■ WHAT IS EXPECTED:
Your task is to print, exactly and only, the lines from the start of the entries below through the line with "株式会社シークルーズ(熊本県)プレゼンテーション様子". Include both ends, but skip the pictures.

[[ SUPPLIED ENTRIES open ]]

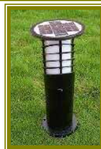
Cf. Fiche technique spécifique
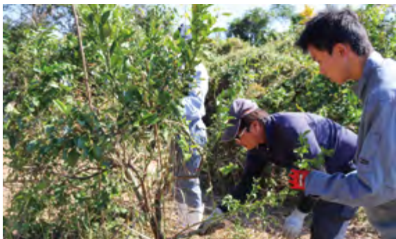
果樹園の整備をする生徒とJA職員

今後もJAでは、積極的に農業・職場体験の受け入れを行い、これからの地域農業を担う若い世代にも農業の魅力を伝えていきます。
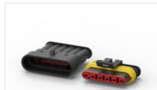
TE 产品编号CAT-AM71-CH8172 AMP SUPERSEAL 1.5MM, 连接器壳体
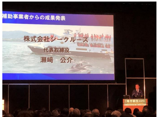
株式会社シークルーズ(熊本県)プレゼンテーション様子

株式会社シークルーズのプレゼンテーションでは、本事業の補助金を活用して「天草の歴史・文化・自然等を活用したインバウンド（FIT）向けニューツーリズム事業」を推進し、既存のクルーズ商品をインバウンド FIT 客向けに改良、また、日帰り客が多い現状からの脱却や集客拡大に向けたガイド付アクティビティ、ウェディングツーリズム等の新商品開発や英語ガイドの育成、ムスリム・ベジタリアン向けに食事メニューの改良を行ったことを発表しました。
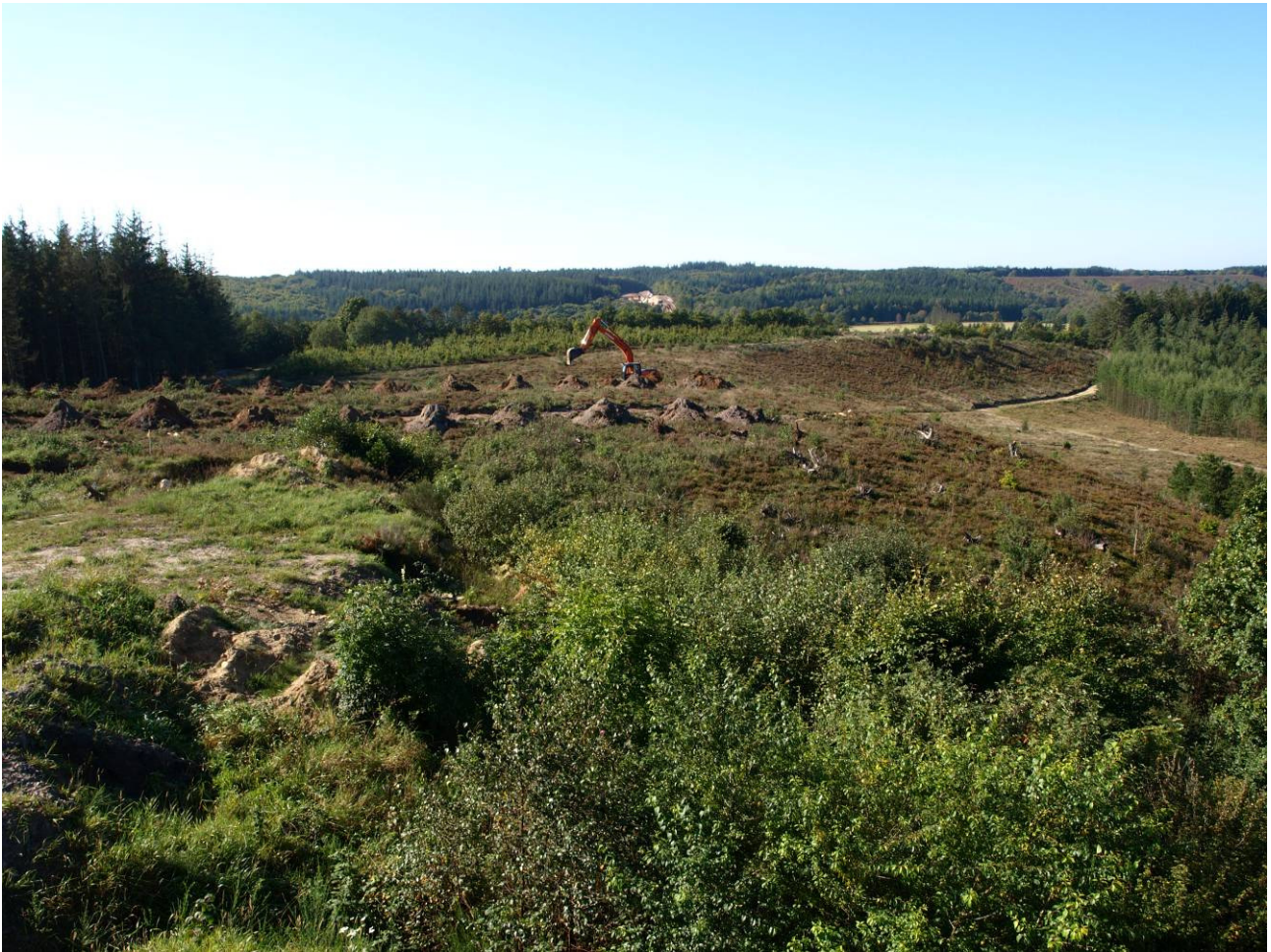
Fig. 1. Det undersøgte område set fra sydøst.

SIM 35/2008, Motorvejen/Pankas, Tollund matr. 4f og 4i, Funder sogn, Hids Herred, Viborg Amt. Stednr. 13.03.03 - 203. KUAS j.nr: 2008-7.24.02/SIM-0013.

[[ SUPPLIED ENTRIES closed ]]

■ RESPONSE TO THE EXERCISE:
Cf. Fiche technique spécifique
果樹園の整備をする生徒とJA職員

今後もJAでは、積極的に農業・職場体験の受け入れを行い、これからの地域農業を担う若い世代にも農業の魅力を伝えていきます。
TE 产品编号CAT-AM71-CH8172 AMP SUPERSEAL 1.5MM, 连接器壳体
株式会社シークルーズ(熊本県)プレゼンテーション様子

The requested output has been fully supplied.